TASK STATEMENT: When you reach the line with "會上,邀請了香港模特展示靈芝" in the records below, begin transcribing exactly and continue up to and including the line with "Silk paper for", leaving out every picture.

--- DATA EXTRACTS ---

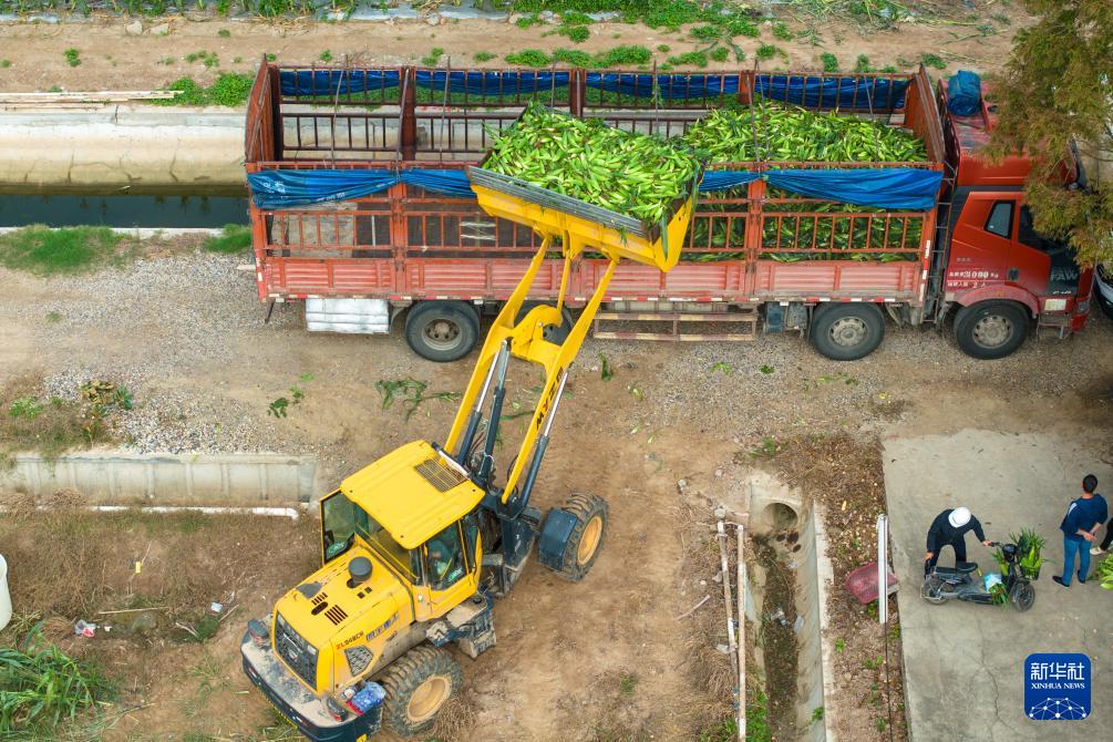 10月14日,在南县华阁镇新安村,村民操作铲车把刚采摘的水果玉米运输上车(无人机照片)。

---
--- DATA EXTRACTS ---

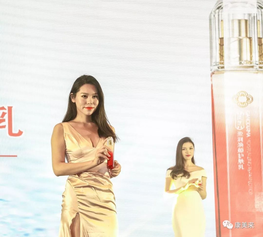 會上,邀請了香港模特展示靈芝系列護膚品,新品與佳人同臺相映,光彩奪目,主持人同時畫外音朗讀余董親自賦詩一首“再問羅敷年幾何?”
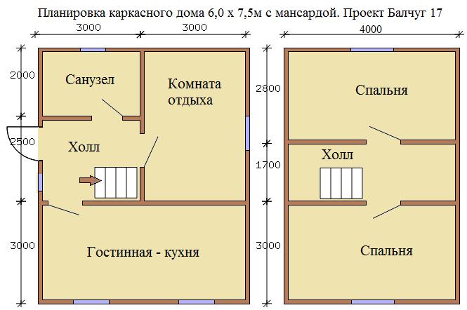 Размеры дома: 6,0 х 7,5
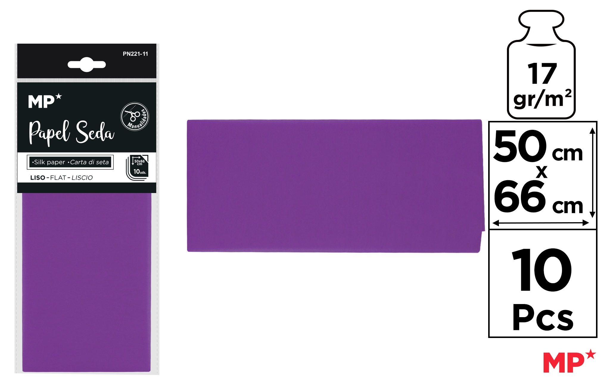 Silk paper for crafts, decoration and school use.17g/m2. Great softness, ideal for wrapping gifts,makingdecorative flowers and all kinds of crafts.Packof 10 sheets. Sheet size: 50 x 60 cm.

---

REPLY TO THE EXERCISE:
 會上,邀請了香港模特展示靈芝系列護膚品,新品與佳人同臺相映,光彩奪目,主持人同時畫外音朗讀余董親自賦詩一首“再問羅敷年幾何?”
 Размеры дома: 6,0 х 7,5
 Silk paper for crafts, decoration and school use.17g/m2. Great softness, ideal for wrapping gifts,makingdecorative flowers and all kinds of crafts.Packof 10 sheets. Sheet size: 50 x 60 cm.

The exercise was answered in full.